It looks to me like this conversation is to some extent repeating a pattern which I’ve seen in AI safety conversations before:
Safety advocate: AI might destroy us if it doesn’t have the right safeguards. Safety skeptic: That’s stupid, because why would anyone build it without those safeguards.
It feels like people keep talking past each other, since both essentially agree about the need for safeguards. Rather the disagreement seems to be over something more like… “does the default path of AI development involve existential risks or not”, where the safety advocate argues that we should be thinking about this a lot beforehand, much more than with other technologies. On the other hand, the skeptic sees AI as being much more comparable to any other technology, in that there are risks and there will probably be accidents until we figure out how to do it safely, but we will do that figuring out as a normal part of developing the technology and we can’t really do much of that figuring out until we actually have the technology.
My view is that you have to build AIs with a bunch of safeguards to stop it destroying *itself* while it doesn’t have great knowledge of the world or the consequences of its actions. So some of the arguments around companies/governments skimping on safety don’t hold in the naive sense.

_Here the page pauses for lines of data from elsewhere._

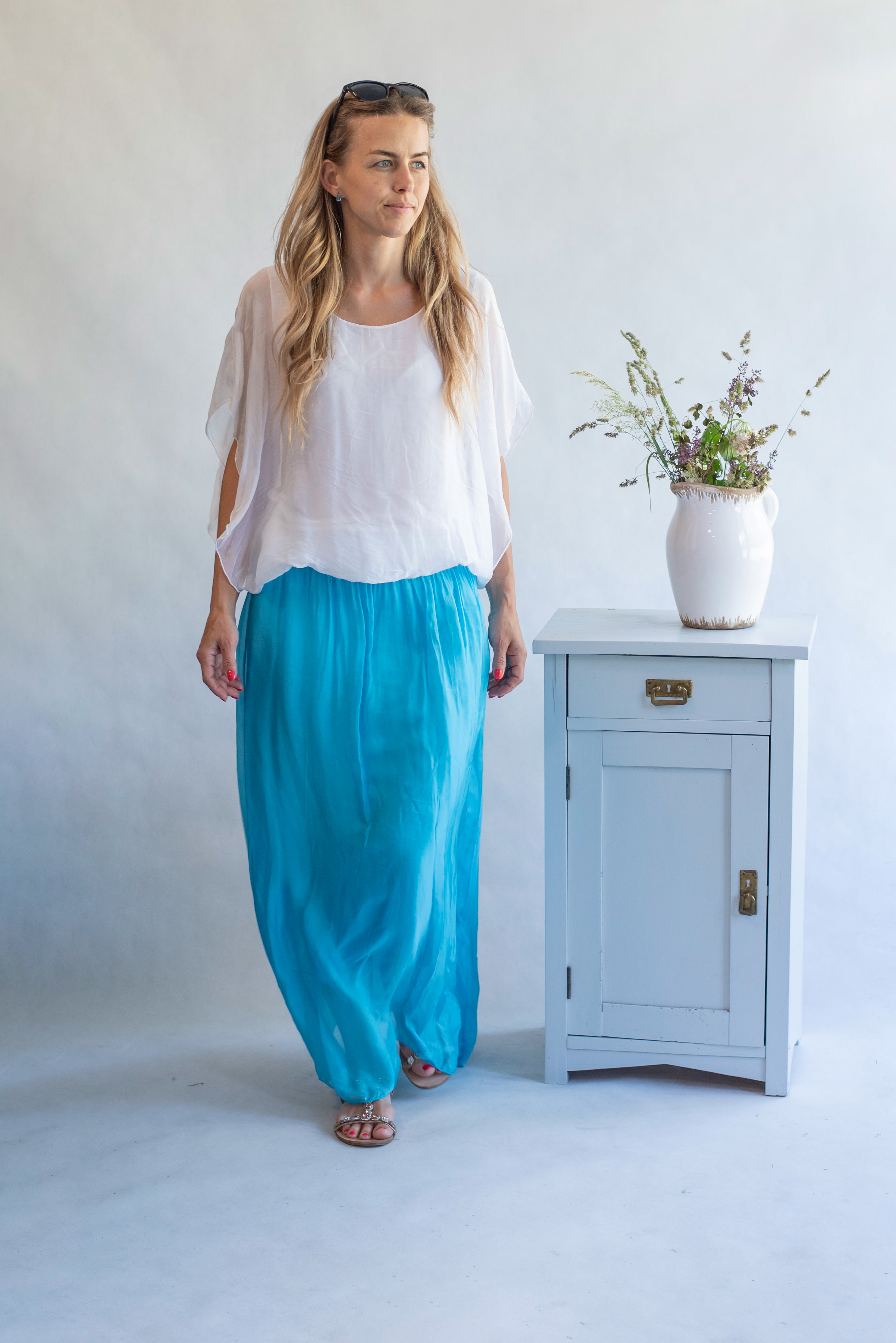Elegantní dlouhá, hedvábná sukně s elastickým pasem, může se nosit i jako šaty .Vyrobeno v Itálii .
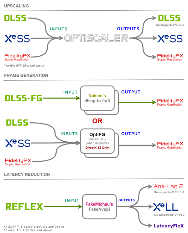 比如游戏支持FSR 2且未更新到更高版本,OptiScaler可以将FSR 2输入转换为DLSS、XeSS,或者将其上采样到更新的FSR版本。
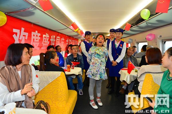 央廣網(wǎng)西安10月1日消息(記者劉濤 通訊員李俠軍 張雁南)國慶來臨,走進(jìn)西安開往延安的D5090次動(dòng)車,五顏六色的氣球和精致艷麗的五星紅旗將車廂裝點(diǎn)得喜氣洋洋,“相約動(dòng)車·喜迎國慶”車廂聯(lián)歡會(huì)正在舉行。詩歌朗誦、歌曲合唱、知識(shí)問答,再穿插著互動(dòng)的小游戲,歡聲笑語鋪滿了長(zhǎng)長(zhǎng)的車廂。

So things like how do you :
Stop a robot jumping off something too high
Stop an AI DOSing it’s own network connection
Stop a robot disassembling itself
When it is not vastly capable. Solving these things would give you a bunch of knowledge of safeguards and how to build them. I wrote about some of problems here
It is only when you expect a system to radically gain capability without needing any safeguards, does it makes sense to expect there to be a dangerous AI created by a team with no experience of safe guards or how to embed them.
One thing you can do to stop a robot from destroying itself is to give it more-or-less any RL reward function whatsoever, and get better and better at designing it to understand the world and itself and act in the service of getting that reward (because of instrumental convergence). For example, each time the robot destroys itself, you build a new one seeded with the old one’s memory, and tell it that its actions last time got a negative reward. Then it will learn not to do that in the future. Remember, an AGI doesn’t need a robot body; a prototype AGI that accidentally corrupts its own code can be recreated instantaneously for zero cost. Why then build safeguards?

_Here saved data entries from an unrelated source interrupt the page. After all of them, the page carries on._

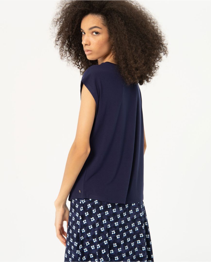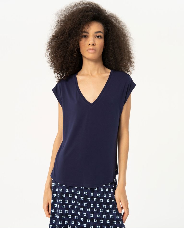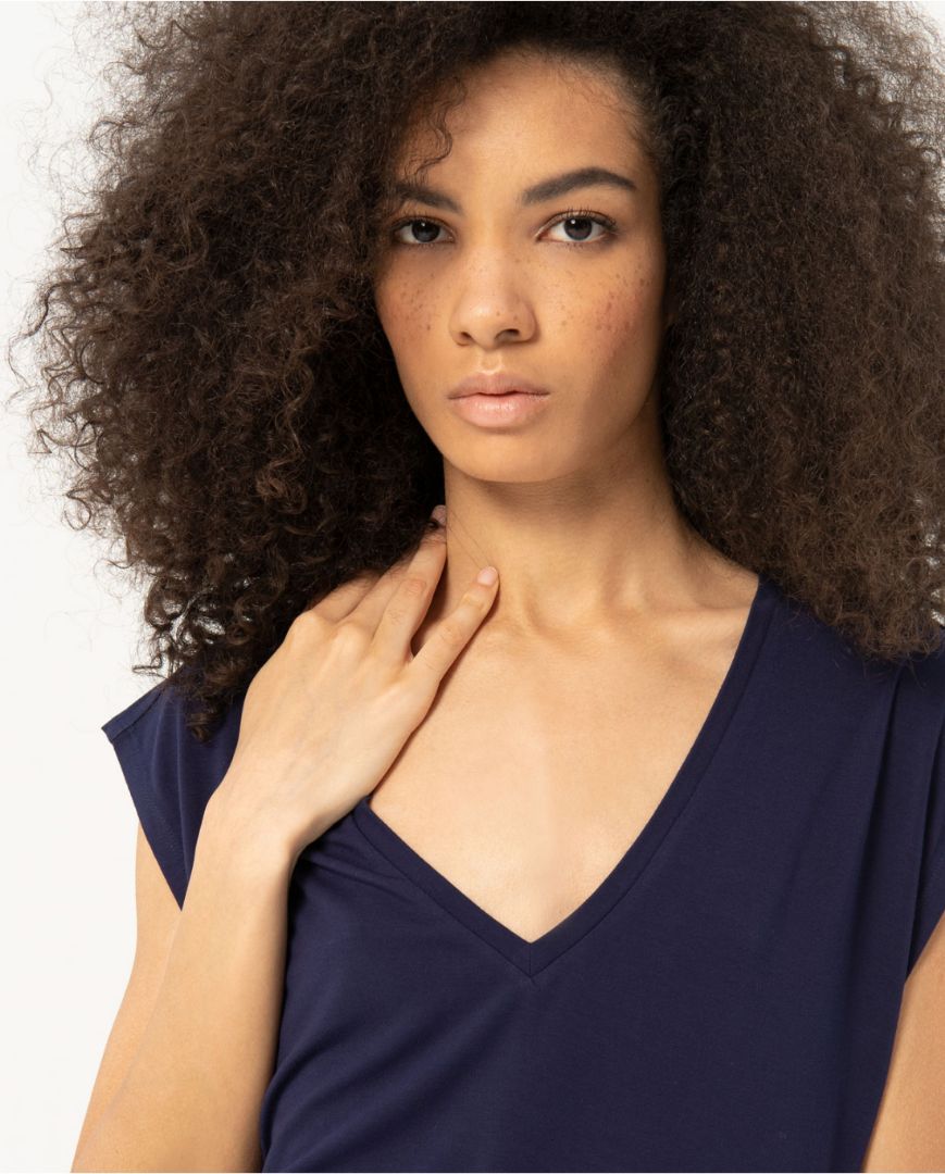 Camiseta con escote pico, sin mangas, con efecto de hombro caído. Confeccionada en un tejido muy suave y elástico.
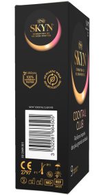 The condom mix Cocktail Club from SKYN contains 9 extremely thin condoms in 3 different scents and flavours: 3 x Piña Colada, 3 x Cherry Sunrise, 3 x Passion Daiquiri.
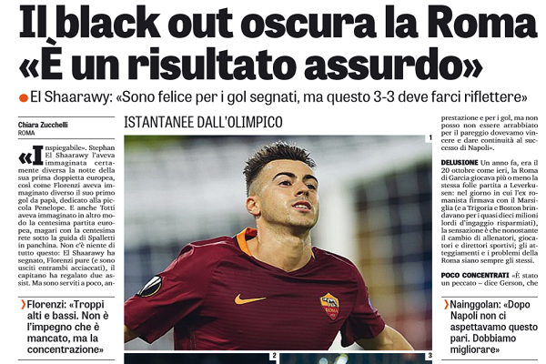 Intervenuto al termine di Roma-Austria Vienna di Europa League, terminata 3-3, Stephan El Shaarawy autore di una doppietta contro gli austriaci si è così espresso sull gara di ieri proiettandosi sul match contro il Palermo: «Sono felice per i gol segnati, ma questo 3-3 deve farci riflettere. E’ un risultato assurdo. Non so cosa sia successo ma senza continuità non si va da nessuna parte. Abbiamo perso una partita già chiusa. Questi gol incassati ci devono far riflettere perché non dobbiamo tornare indietro. La partita, fino a quel momento, era stata buona, adesso dobbiamo pensare al Palermo».
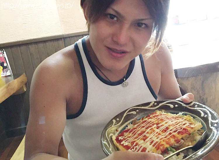 海のシーンと打って変わってまたまた食事のシーンです☆美味しそうなお肉にテンションアゲアゲの迅代表をパチリ♪

Safeguards would be more likely if the AGI were, say, causing infrastructure damage while learning. I can definitely see someone, say, removing internet access, after mishaps like that. That’s still not an adequate safeguard, in that when the AGI gets intelligent enough, it could hack or social-engineer its way through safeguards that were working before.
I think this scheme doesn’t quite catch the abulia trap (where the AGI discovers a way to directly administer itself reward, and then ceases to interact with the outside world), in that it’s not clear that the AI learns about the map/territory distinction and to locate its goals in the territory (one way to avoid this) instead of just a prohibition against many sorts of self-modification or reward tampering (which avoids this until it comes up with a clever new approach).

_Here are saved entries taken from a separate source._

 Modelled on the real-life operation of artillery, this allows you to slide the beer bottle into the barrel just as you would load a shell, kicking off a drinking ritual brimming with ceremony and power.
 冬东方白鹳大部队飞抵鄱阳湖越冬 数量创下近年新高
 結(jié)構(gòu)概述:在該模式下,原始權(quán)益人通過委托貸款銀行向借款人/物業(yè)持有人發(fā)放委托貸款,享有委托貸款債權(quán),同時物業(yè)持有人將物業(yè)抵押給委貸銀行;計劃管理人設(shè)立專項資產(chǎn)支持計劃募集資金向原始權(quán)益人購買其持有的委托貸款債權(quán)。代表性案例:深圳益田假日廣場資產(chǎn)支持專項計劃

I might be misunderstanding you, but I feel like this is sort of missing a key point. It seems like there could be situations in which the AI does indeed, as you point out, require “a bunch of safeguards to stop it destroying *itself*”, in order to advance to a high level of capabilities. These could be built by its engineers, or developed by the AI itself, perhaps through trial and error.
But that doesn’t seem to mean it’d have safeguards to not destroy other things we value, or in some more abstract sense “destroy” our future potential (e.g., by colonising space and “wasting” the resources optimising for something that we don’t/barely care about, even if it doesn’t harm anything on Earth). It seems possible for an AI to get safeguards like how to not have its robotic manifestation jump off things too high or disassemble itself, and thereby be “safe enough” itself to become more capable, but to not have the sort of “safeguards” that e.g. Russell cares about.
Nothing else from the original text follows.